In [229]: s.loc["c":"e"]
Out[229]: 
c -0.130121
d -0.476046
e 0.759104
dtype: float64

This is most definitely a "practicality beats purity" sort of thing, but it is something to watch out for if you expect label-based slicing to behave exactly in the way that standard Python integer slicing works.

Indexing potentially changes underlying Series dtype#

The different indexing operation can potentially change the dtype of a Series.
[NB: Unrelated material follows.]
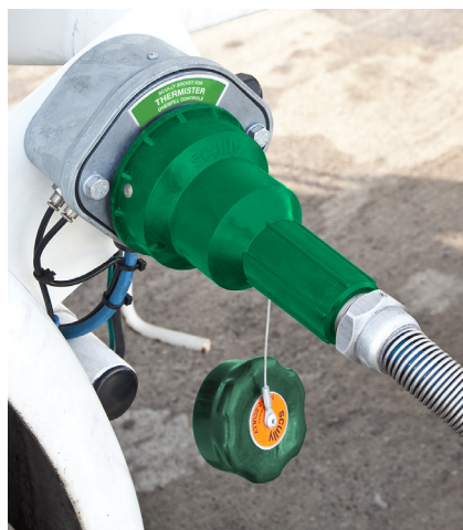
One Connection for Overfill Prevention and Grounding

Only Scully offers you a complete, integrated overfill prevention and vehicle grounding system for maximum safety in your loading operations.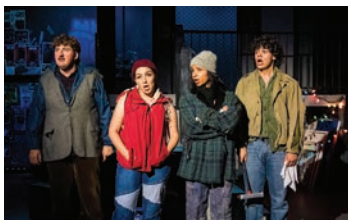
COLLEGE ACTING APPRENTICES IN RENT (2025)

In [230]: series1 = pd.Series([1, 2, 3])
In [231]: series1.dtype
Out[231]: dtype('int64')
In [232]: res = series1.reindex([0, 4])
In [233]: res.dtype
Out[233]: dtype('float64')
In [234]: res
Out[234]: 
0 1.0
4 NaN
dtype: float64

In [235]: series2 = pd.Series([True])
In [236]: series2.dtype
Out[236]: dtype('bool')
In [237]: res = series2.reindex_like(series1)
In [238]: res.dtype
Out[238]: dtype('O')
In [239]: res
Out[239]: 
0 True
1 NaN
2 NaN
dtype: object

This is because the (re)indexing operations above silently inserts NaNs and the dtype changes accordingly. This can cause some issues when using numpy ufuncs such as numpy.logical_and.

See the GH 2388 for a more detailed discussion.